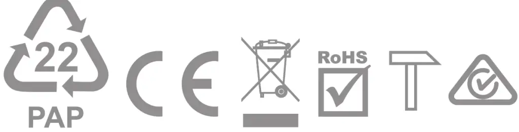 ![]() | Input: 100-240V AC 50/60Hz Output: 5V DC 1A | ![]() |
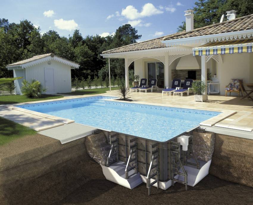 Рассмотрим процедуру строительства на примере бассейна углубленного в землю.
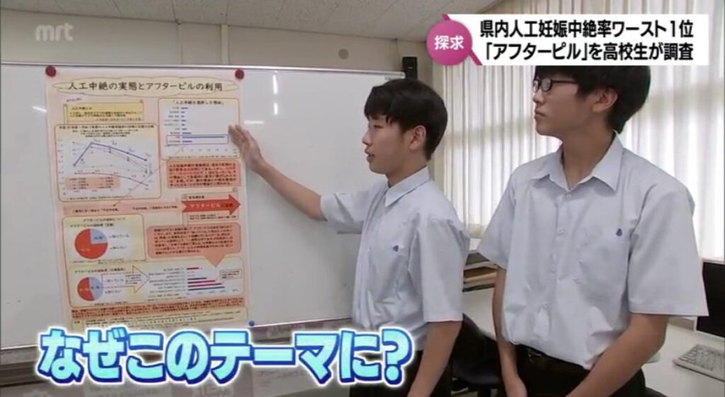 1: 影のたけし軍団 ★ 2024/07/20(土) 15:07:15.93 ID:??? TID:gundan 宮崎県は、2021年度まで人工妊娠中絶率が4年連続ワースト1位となっています。 こうした中、日南市の男子高校生が人工妊娠中絶と緊急避妊薬「アフターピル」をテーマにしたポスターを作... -
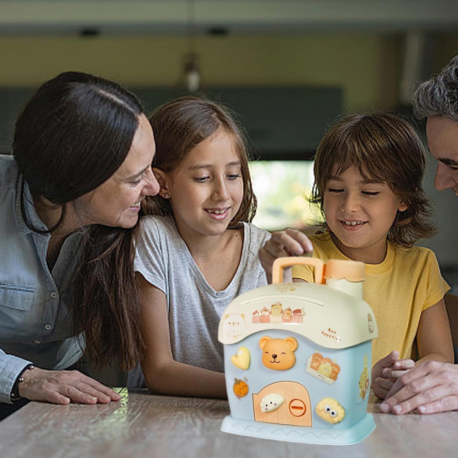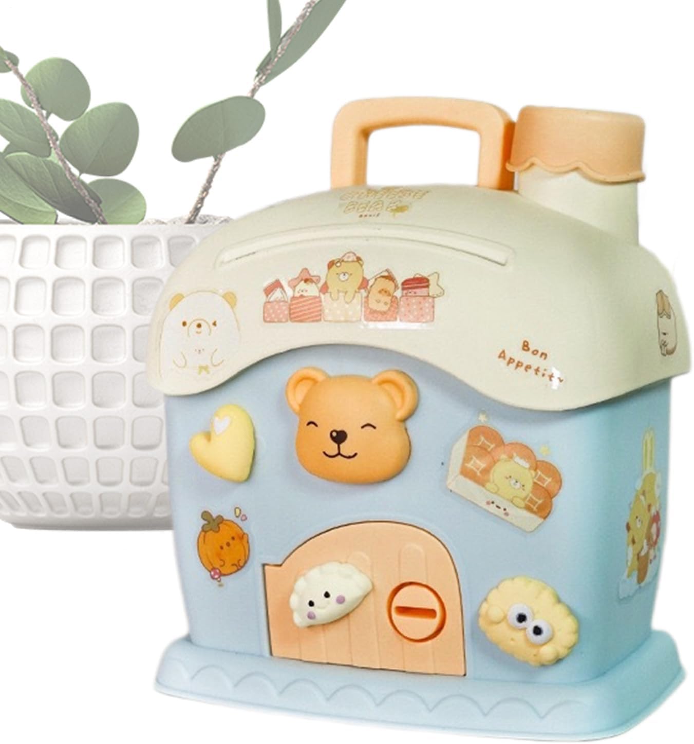 Divertente gioco educativo: questa banca di monete a casa non solo promuove l'abitudine di risparmiare, ma serve anche come strumento educativo e insegna l'importanza della responsabilità finanziaria. Facile da pulire: dite addio alla noiosa manutenzione con questa panca per monete da casa. Basta pulire con un panno umido. Non è necessario risciacquare l'acqua. Tienilo pulito senza sforzo e sembra nuovo di zecca. Ampiamente usato: aggiungi un tocco di fascino alla tua casa con questa graziosa e delicata panca per monete di casa. Perfetto per librerie e scrivanie, è un modo colorato per conservare e migliorare il tuo arredamento. Dimensioni generali: non è necessario smontare per conservare i tuoi risparmi, poiché questa Coin Bank ha una grande capacità, che consente di conservare importi sostanziali. Nutrire la responsabilità: dai ai tuoi figli il potere di controllare i loro risparmi con 2 chiavi e un simpatico adesivo incluso in questa banca di monete a forma di casa, che incoraggia la responsabilità finanziaria e la creatività.
########
#### [Exercise prompt]
Your reply should hold every line above exactly as written and none of the pictures.

#### [Solution for this problem]
 ![]() | Input: 100-240V AC 50/60Hz Output: 5V DC 1A | ![]() |
 Рассмотрим процедуру строительства на примере бассейна углубленного в землю.
 1: 影のたけし軍団 ★ 2024/07/20(土) 15:07:15.93 ID:??? TID:gundan 宮崎県は、2021年度まで人工妊娠中絶率が4年連続ワースト1位となっています。 こうした中、日南市の男子高校生が人工妊娠中絶と緊急避妊薬「アフターピル」をテーマにしたポスターを作... -
 Divertente gioco educativo: questa banca di monete a casa non solo promuove l'abitudine di risparmiare, ma serve anche come strumento educativo e insegna l'importanza della responsabilità finanziaria. Facile da pulire: dite addio alla noiosa manutenzione con questa panca per monete da casa. Basta pulire con un panno umido. Non è necessario risciacquare l'acqua. Tienilo pulito senza sforzo e sembra nuovo di zecca. Ampiamente usato: aggiungi un tocco di fascino alla tua casa con questa graziosa e delicata panca per monete di casa. Perfetto per librerie e scrivanie, è un modo colorato per conservare e migliorare il tuo arredamento. Dimensioni generali: non è necessario smontare per conservare i tuoi risparmi, poiché questa Coin Bank ha una grande capacità, che consente di conservare importi sostanziali. Nutrire la responsabilità: dai ai tuoi figli il potere di controllare i loro risparmi con 2 chiavi e un simpatico adesivo incluso in questa banca di monete a forma di casa, che incoraggia la responsabilità finanziaria e la creatività.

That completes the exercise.